The Enterprise AI Pyramid
The Enterprise AI Pyramid
Unable to find a single graphic that effectively frames the various ways enterprises can utilize AI, I created one. The Enterprise AI Pyramid plots AI work on three axes — (1) how deeply you integrate and govern it, (2) how much competitive advantage each layer can create, and (3) how many projects you can realistically keep alive. Read bottom-to-top for a roadmap; scan the arrows for the trade-offs.

Layer Snapshots
| Layer | Litmus Test | Implementation Examples |
|---|---|---|
| AI-Enabled Services | Vendor owns model & data; near-zero internal integration | Google’s AI-powered ad products show measurable lifts: Performance Max automates ad bidding and placements for +8% Return on Advertising Spend (ROAS), while Demand Gen expands the funnel by finding new customers for +10% ROAS on top of Performance Max and Search campaigns (Nielsen case study, 2025). |
| Individual Augmentation | Ad-hoc interaction & limited repetition; human rework required | Procter & Gamble found AI-assisted teams, with little AI training, worked 12% faster and reported higher creative quality and morale (Fortune; P&G blog; SSRN preprint). |
| Team-Level Repeatables | Shared prompt/MyGPT; 95%+ first-pass quality; limited scope | Moderna employees built thousands of tailored GPTs (e.g., for dose-selection write-ups and regulatory responses), turning ad-hoc prompting into reusable team workflows (WSJ; OpenAI). |
| Enterprise Platforms | Platform capabilities, including privacy & security, outweigh deep customization and lock-in concerns | SAP has launched dozens of Joule AI agents across many business functions — sales support and customer service see 50% productivity improvements (SAP News Center). Cursor’s horizontal coding platform meets enterprise security needs with single sign-on, role-based access control, and privacy mode (Cursor Enterprise). Rechat’s “Lucy” vertical real estate platform unifies CRM, marketing, and transactions (RISMedia). |
| Custom Business Apps | Enterprise-specific integration or functionality unavailable off-the-shelf; BU owns and funds | Zurich’s copilot summarizes disparate information sources and saves 60 minutes per underwriting submission (Zurich NA release). Holcim, a 122-year-old building materials company, built a WhatsApp-based cement ordering system with 93% adoption and 66% order acceptance (McKinsey). |
| Strategic Bets / Growth Engines | C-suite sponsored; defensible data moat; multi-year horizon | Johnson & Johnson is investing in AI to deliver 50% more efficient surgeon training (Polyphonic), 2.6x accelerated clinical trials, and a 15% reduction in atrial fibrillation ablation procedure time (CARTO-3) (CIO). Deloitte’s Zora finance agents leverage the firm’s accounting expertise, delivering productivity improvements of 40% and potentially cannibalizing its core business (Deloitte). |
Reality check: Every AI journey is messy; no framework captures all the zigzags. Treat the Pyramid as a compass, not a Gantt chart. Like a summer hike, there are many paths to the summit, but a clear destination beats wandering.

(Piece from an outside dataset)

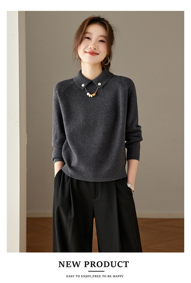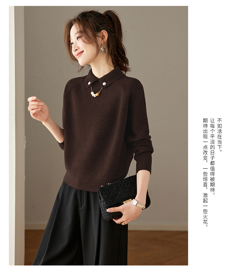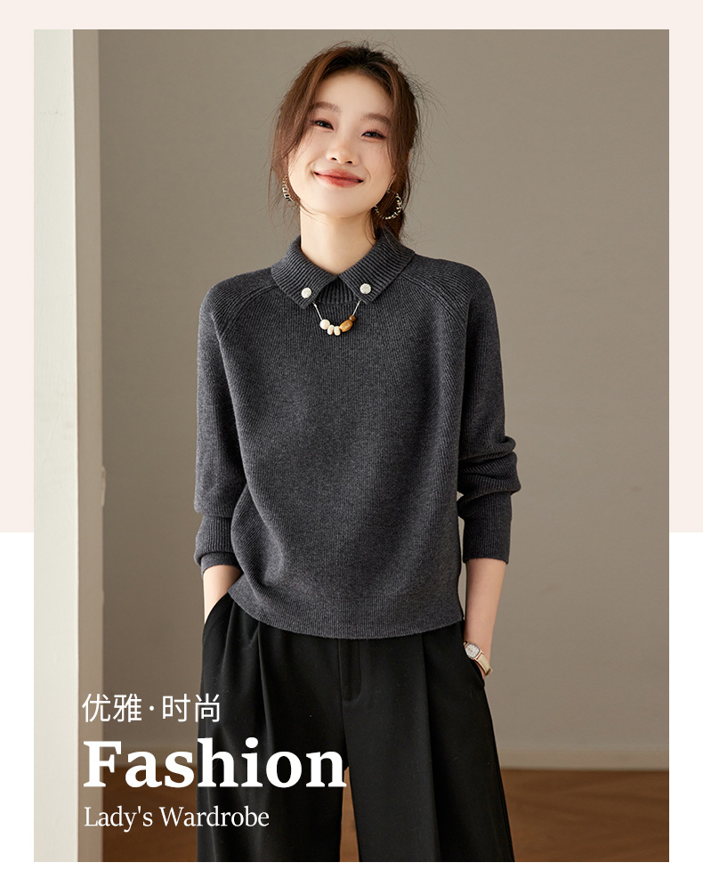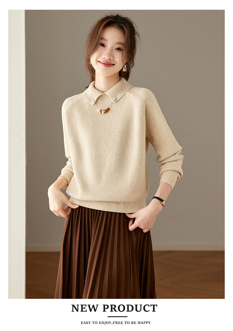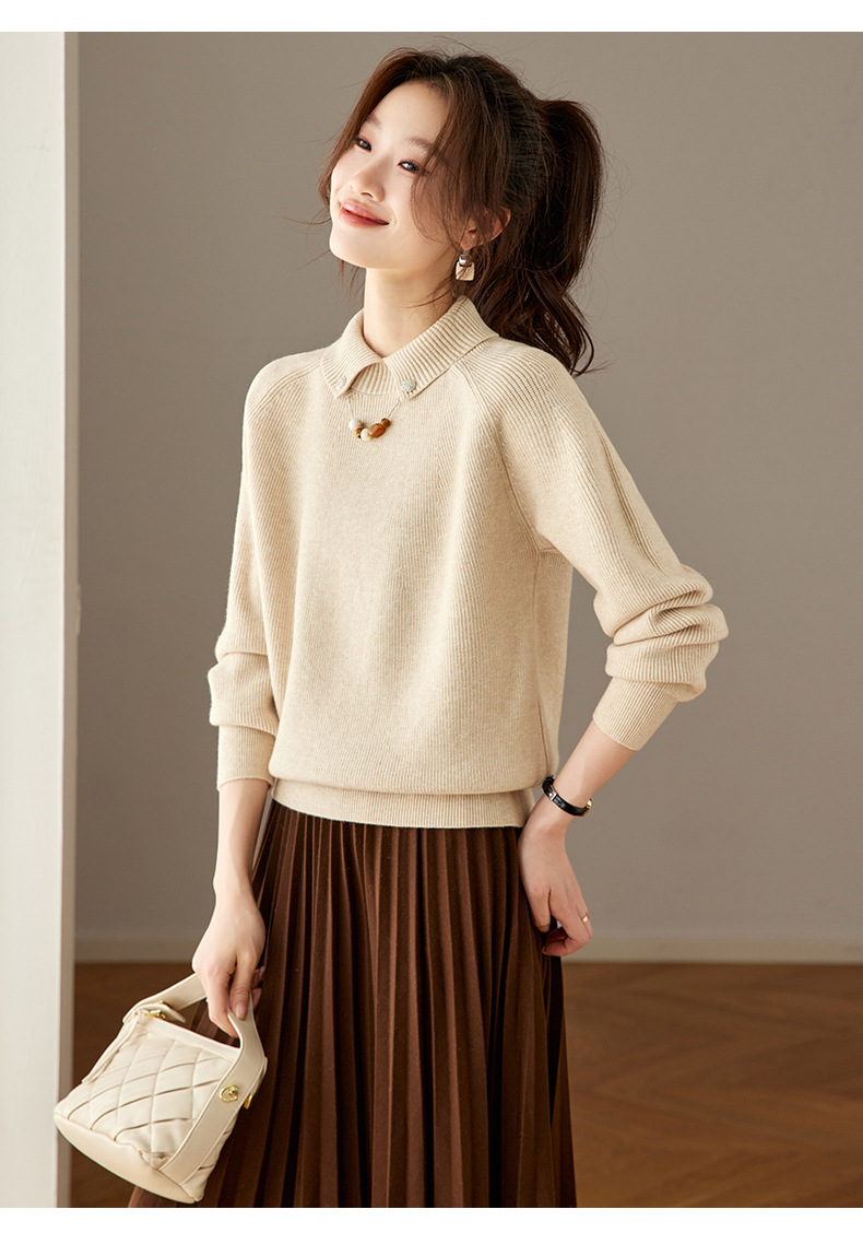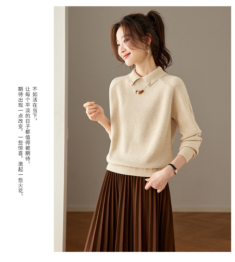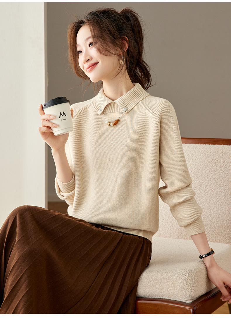 CC复古保暖毛衣女秋冬宽松显瘦内搭高级感好看减龄娃娃领针织上衣厚

Three Rules for a Winning Enterprise AI Strategy
1. Begin at the base — build culture, capability, and ownership
P&G’s experiment opening up ChatGPT to its teams is a critical step in developing cultural support for AI usage. Moderna scales up usage, invests, and ensures that clever use of AI is an expectation, not an option. J&J has devolved AI ownership away from the center and into its business functions.
2. Anticipate rapid change — double down on data, APIs, and scarce talent
What takes bespoke code this quarter may be productized next quarter. Smart companies remain flexible while doubling down on what is proprietary. Deloitte has codified its data to deliver new, competitive products. Walmart has created an AI foundry called Element that dramatically accelerates and standardizes AI development while avoiding model lock-in (Walmart).
3. Maintain a disciplined portfolio — prune fast, scale faster
Johnson & Johnson found that 10–15% of its ~900 Gen-AI pilots delivered ≈80% of the value and killed the rest, freeing capital and talent to scale the winners. Channel those gains into a few high-potential bets.
Conclusion — The Enterprise AI Pyramid as a Guide
The Pyramid packs a lot into one image. Strategically, it shows leaders where AI can sharpen competitiveness; tactically, it helps teams categorize work, track ROI, and sequence projects that build enduring cultural acceptance and technical muscle. The Pyramid is dynamic, with model makers and others continuously introducing new products and capabilities, requiring ongoing assessment and recalibration.